Here is an example of revealed values: While there is no objective reason to study the experiences of men preferentially, medical research especially has a long history of focusing on men, resulting in less information on treatment efficacy among women.Reference Potochnik13 We agree with the philosopher of science Kevin C. Elliott, who argues that “values are not completely absent for any area of science” (p. 11 Chapter 1).Reference Elliott14 Instead of pretending otherwise, we should be realistic, transparently acknowledging our values, scrutinizing them, and demanding that they reflect social and ethical priorities.

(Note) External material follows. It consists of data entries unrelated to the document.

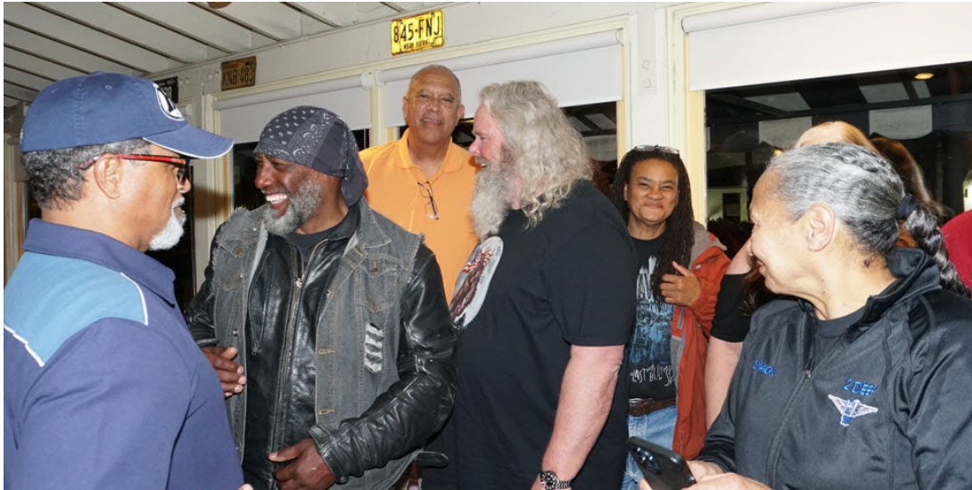
A fun one before a group shot.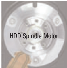
HDD Spindle Motor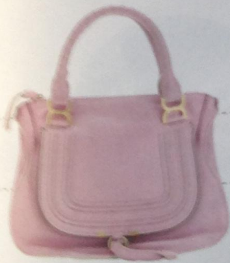
Rosie Bag Versona Accessories 2304 Sir Barton Way 859.264.0377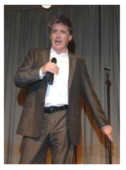
Craig Ferguson , star of The Late Late Show on CBS, entertained the audience with a stand-up comedy routine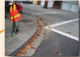
Reconfigure existing curbramps to comply with ADA requirements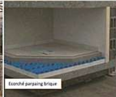
Ecorché parpaing brique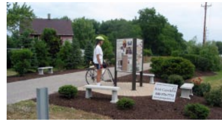
H. L. Morrison Station, Ashtabula

You can help make this vision a reality! Together we can complete a Greenway that will provide recreation, health, pride and prosperity to this unique region and its communities. To offer your assistance at any level, please call or write to the contact in your area: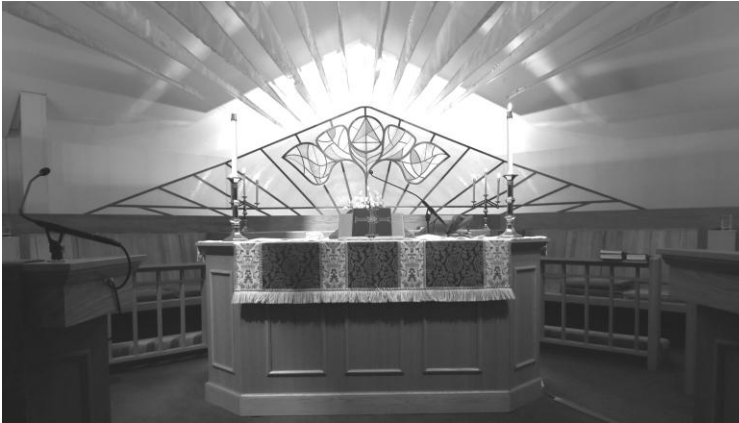
"Sanctuary Altar"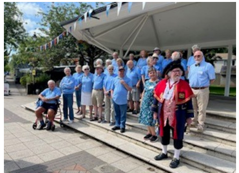
Sargent Trophy, Outstanding Effort & Contribution: Kingsbridge in Bloom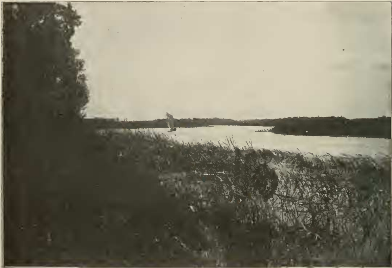
Fig. 3. The Black Channel and the Phragmites-Typha Marsh Formation. The forests in the far distance are at the edge of the main land on the other border of the marsh, more than two miles distant. Near here the Bladpates and Scoup Ducks abound on close days. Black Ducks and Mallards feed in the vegetation covered areas near.

Common from about May 1st to about October 1st. The only breeding places thus far discovered are upon Big and Little Chicken Isl-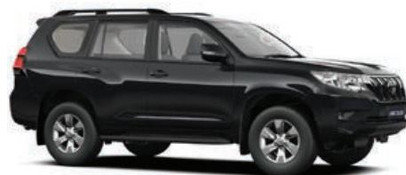
Astral Black (202)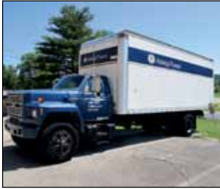
1994 FORD F800 BOX TRUCK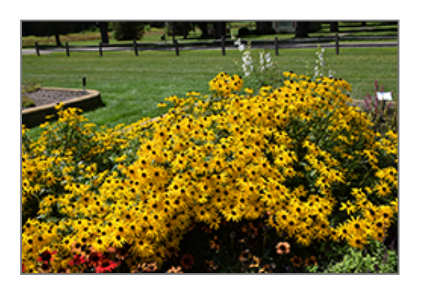
Glitters Like Gold Coneflower in bloom

This is a relatively low maintenance plant, and should be cut back in late fall in preparation for winter. It is a good choice for attracting butterflies to your yard, but is not particularly attractive to deer who tend to leave it alone in favor of tastier treats. It has no significant negative characteristics.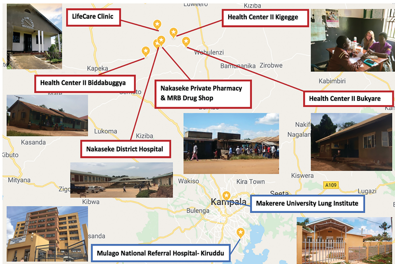
Figure 1. Map of Urban and Rural Study Settings Where Semi-Structured Individual Interviews Were Conducted 24

For personal use only. Permission required for all other uses.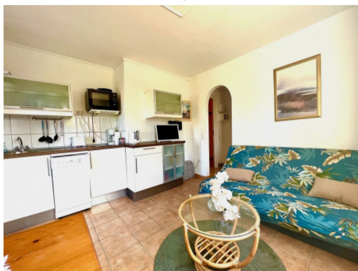
One of 6 apartments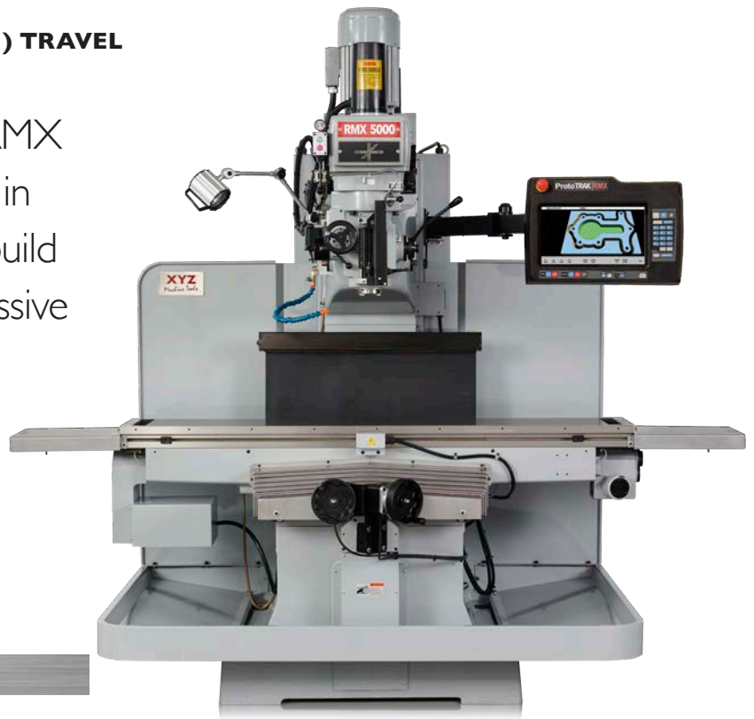
Guards removed for clarity

The XYZ RMX 5000 gives you an advantage! How many companies do you know with 1,500mm X axis capacity on a relatively low cost CNC Bed Mill?

We do not mean to suggest that this is easy, not least because researchers are not necessarily rewarded for doing high-value research. Research scientists are positively reinforced – with academic promotions, awards, funding, citations, and so on – for having a deep knowledge of relevant literature, mastering procedures, and productivity as measured by publication and citation metrics. But productivity in these terms is not meaningful to patients. Where valuable research is also risky – in the sense that it may not produce results that win the attention of top-journal editors – there is a good chance that no one will undertake it. There is something to be said for balancing high-risk, high-interest projects with lower-risk, lower-interest projects (p. 1530), but many scientists will go further, choosing caution at all times.Reference Kahn15
Even interesting research questions are not necessarily good ones. The FINER criteria suggest that researchers prioritize interest, yet what interests a person reflects their preferences, which are synonymous with biases.Reference Holland16 To be clear, we use the term bias descriptively rather than judgmentally; bias does not necessarily have positive or negative valence. The point is simply to recognize that researchers should scrutinize their own preferences. So here is a good question: Why does this research, in particular, interest me? Is it the most socially useful research I could be doing, or is it a tidy, short-term experiment selected for low risk – the kind of work that demonstrates productivity in the short term but is unlikely to contribute to valuable longer-term outcomes for patients?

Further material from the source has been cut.